Daniel had been raised in the hills of Bozeman and always said when he made his first million he would be back to buy a parcel of land. Being a man of his word, he flew us in on our private jet to check out a property one of his cousins had called about. The airport was tiny, the folks hanging about all reminding me of the Beverly Hillbillies. I told Daniel I would wait in the plane.
“Amanda, get your ass up and see this with me. Stop acting like a prima donna.”
I blinked, hurt to the core. I certainly wasn’t a prima donna; I was just acting like one at that moment.
“Honey, this is your thing.” I shrugged, taking his outstretched hand. He tugged me into his embrace and all my resolve was gone. I loved the man so much he could have asked me to walk on hot coals at that point and I would have stripped off my shoes. The infuriating smile that curved his lips when he knew he had won appeared. “Don’t push your luck buddy,” I hissed, following him into the hanger, where he greeted an older gentleman in jeans and plaid shirt. Of course, everyone I had seen so far was dressed exactly alike.
“Fred! Good to see you.” They hugged warmly, then Daniel pulled me up by his side. “This is the missus, Amanda. Honey, my first cousin on my mother’s side, Fred.”
“Pleased to meet you, Fred.” I smiled, taking his weathered hand. “I hear you have a parcel of land to show us.”

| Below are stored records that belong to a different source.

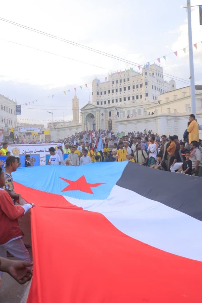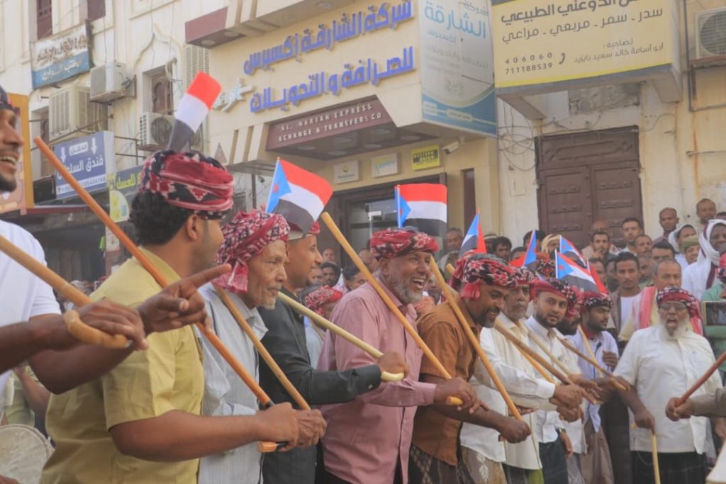 وشارك في إحياء ريحة ختام الحولية جمع غفير من محبي لعبة الشبواني، وردد المشاركون خلالها شعارات وأهازيج تؤكد تمسك أبناء حضرموت بهويتهم الجنوبية، كما رفعت أعلام دولة الجنوب وصور الرئيس القائد عيدروس الزُبيدي، رئيس المجلس الانتقالي الجنوبي.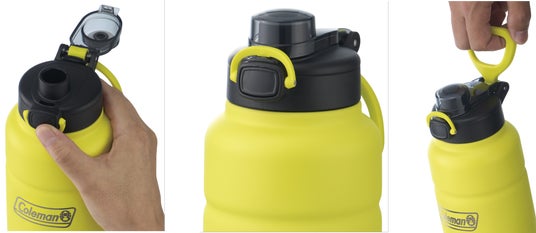 左)ワンタッチオープン気軽にすぐ飲める 中央)誤作動を防ぐロック機能付きでバックパックに入れても安心 右)ハンドル付きで持ち運びも便利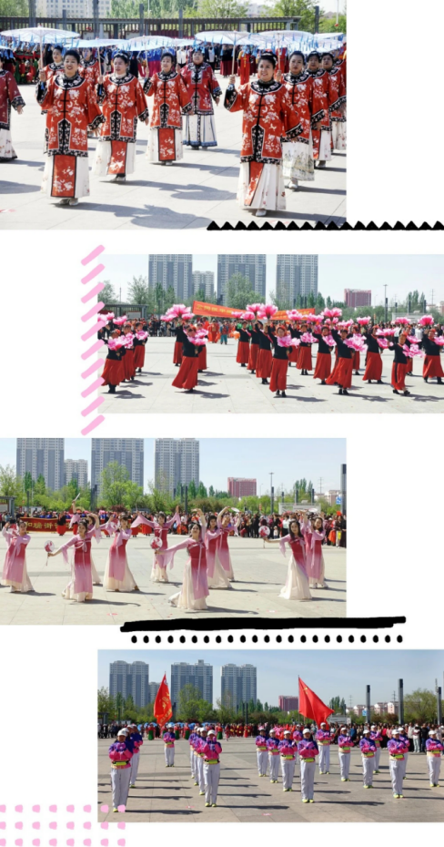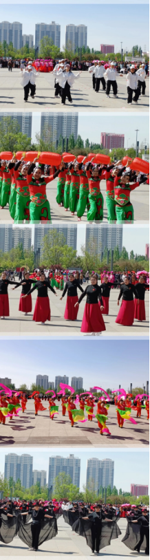 歌舞展演活動(dòng)在集體舞《母親是中華》中拉開序幕,昂揚(yáng)的旋律與優(yōu)美的舞姿交織成一幅動(dòng)人的畫面,為觀眾帶來了一場(chǎng)震撼心靈的視聽盛宴。之后,廣場(chǎng)舞、扇子舞、民族舞蹈等節(jié)目輪番上陣、異彩紛呈。參演者們身著艷麗的服裝,各個(gè)精神飽滿,隨著動(dòng)感的音樂,踏著輕快的節(jié)拍,動(dòng)作標(biāo)準(zhǔn)優(yōu)美,隊(duì)列整齊有序,彰顯了健康活力,傳遞著運(yùn)動(dòng)的魅力。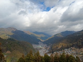 山頂からの風景は絶景であり、連なる山々の向こうはもう信濃である。南の空は青々としていたが、北は厚い雲がたなびき、風に乗って小雪が舞い散る天候だった。山城で舞う雪はとても美しく、秘境の地に立つ自分を小説の主人公にしてくれるようだった。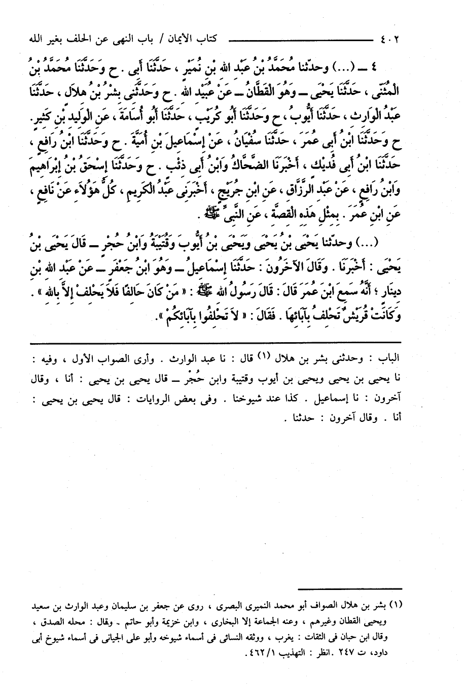 (...) وحدّثنا يَحْيَى بْنُ يَحْيَى وَيَحْيَى بْنُ أَيُّوبَ وَقُتَيْبَةُ وَابْنُ حُجْرٍ - قَالَ يَحْيَى بْنُ يَحْيَى: أَخْبَرَنَا. وَقَالَ الآخَرُونَ: حَدَّثَنَا إِسْمَاعِيلُ - وَهُوَ ابْنُ جَعْفَرٍ - عَنْ عَبْدِ اللهِ بْنِ دِينَارٍ؛ أَنَّهُ سَمِعَ ابْنَ عُمَرَ قَالَ: قَالَ رَسُولُ اللهِ صَلَّى اللهُ عَلَيْهِ وَسَلَّمَ: " مَنْ كَانَ حَالِفًا فَلَا يَحْلِفْ إِلَّا بِاللهِ ". وَكَانَتْ قُرَيْشٌ تَحْلِفُ بِآبَائِهَا. فَقَالَ: " لَا تَحلِفُوا بِآبَائِكُمْ ".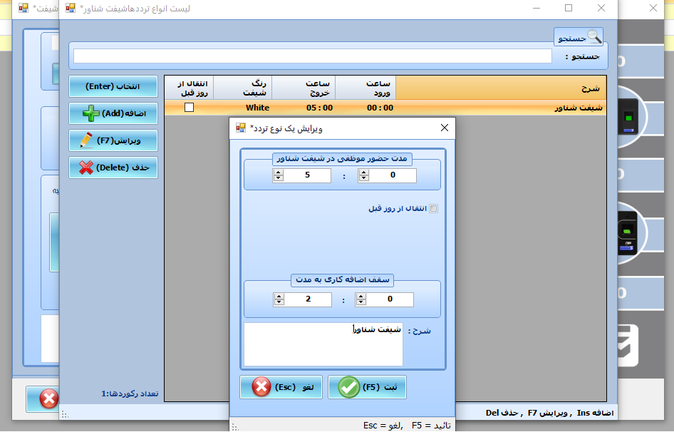 | تعداد شیفت کاری قابل تعریف | 5 |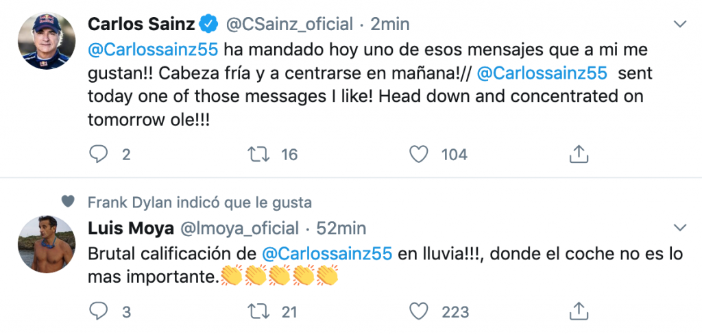 «Estoy muy feliz, porque éste es mi primer tercer puesto en calificación de mi carrera (en Fórmula Uno), en unas circunstancias muy complicadas», explicó Sainz tras una dura jornada marcada por las lluvias torrenciales que obligaron a suspender el tercer entrenamiento libre, primero; y, después a retrasar el arranque de la calificación.

“Not just land, missy, a lovely log home. Just needs a bit of work.” Fred grinned proudly, leading us to an old pick up truck.
Daniel leaned closer to me. “If he says ‘bit of work,’ don’t be surprised if it’s a shack.”
“Perfect,” I whispered, capturing a light kiss before sliding in next to the gear shift knob.
Fred drove for 20 minutes, he and Daniel talking about family, babies being born and the property. I kept watching the incredibly blue sky that seemed to have a horizon that went on forever. I was use to the Los Angeles sky; a brownish, gray cloud that never burnt off until way past noon. The blue and the clouds were magnificent.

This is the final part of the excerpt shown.